Reuth: "Eine weitere Konstante für Hitlers Weltbild und Hitlers Denken ist sein fanatischer Glaube. Der Wille ist für ihn alles endscheidend. Dies rührt auch aus der Zeit des Weltkriegs her, als er sich einredet, als Meldeläufer: Wenn ich fest daran glaube, dann schaffe ich es auch - und dies ist letztlich und endlich auch ein Bestandteil der nationalsozialistischen Ideologie geworden, die sich so in die Nähe einer Ersatzreligion rückt. Nicht von ungefähr heißen die Parteitage 'Triumph des Willens', nicht von ungefähr strapaziert er permanent den Begriff: Wir müssen den entsprechenden Willen, den Glauben haben, dann schaffen wir das alles. Und die letzte Perversion dieser Glaubensideologie vollzieht dann Goebbels nach Stalingrad. Er sagt: Wir haben jetzt das große Opfer gebracht, und erst jetzt sind wir in der Lage zu glauben."
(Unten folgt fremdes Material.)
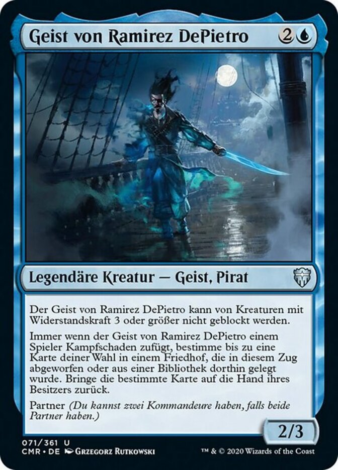 | Rules | Ghost of Ramirez DePietro can't be blocked by creatures with toughness 3 or greater. Whenever Ghost of Ramirez DePietro deals combat damage to a player, choose up to one target card in a graveyard that was discarded or put there from a library this turn. Put that card into its owner's hand. Partner (You can have two commanders if both have partner.) |

Ralf Georg Reuths Biographie ist für jeden Kenner ein hochinteressantes Buch, und man darf auf die Diskussionen darüber gespannt sein. Ob allerdings das große Publikum erreicht wird? Jegliche biographische Beschäftigung mit Hitler neigt allein schon durch die Stofffülle und Komplexität der Fragestellungen zur Monumentalität. Es mögen Verlagsängste gewesen sein, die den Autor zwischendurch mächtig auf das Tempo drücken ließen. Deshalb wirkt die Darstellung selbst mit nahezu 700 Seiten oftmals zu knapp und gedrängt. Und natürlich muss sich Ralf Georg Reuth der machtvollen deutschen Konkurrenz von Joachim Fest stellen. Dessen Stil und geistesgeschichtlicher Zugriff bleiben unüberbietbar. Doch es ist ein ausgesprochenes Verdienst, den bösen Mythos Hitler, wie er im kollektiven Bewusstsein verankert ist, durch solide historiographische Arbeit und klare Gedanken aufs Neue zu entdämonisieren. Unsere Vorstellung der "trüben Figur", so Thomas Mann, wird dadurch heller.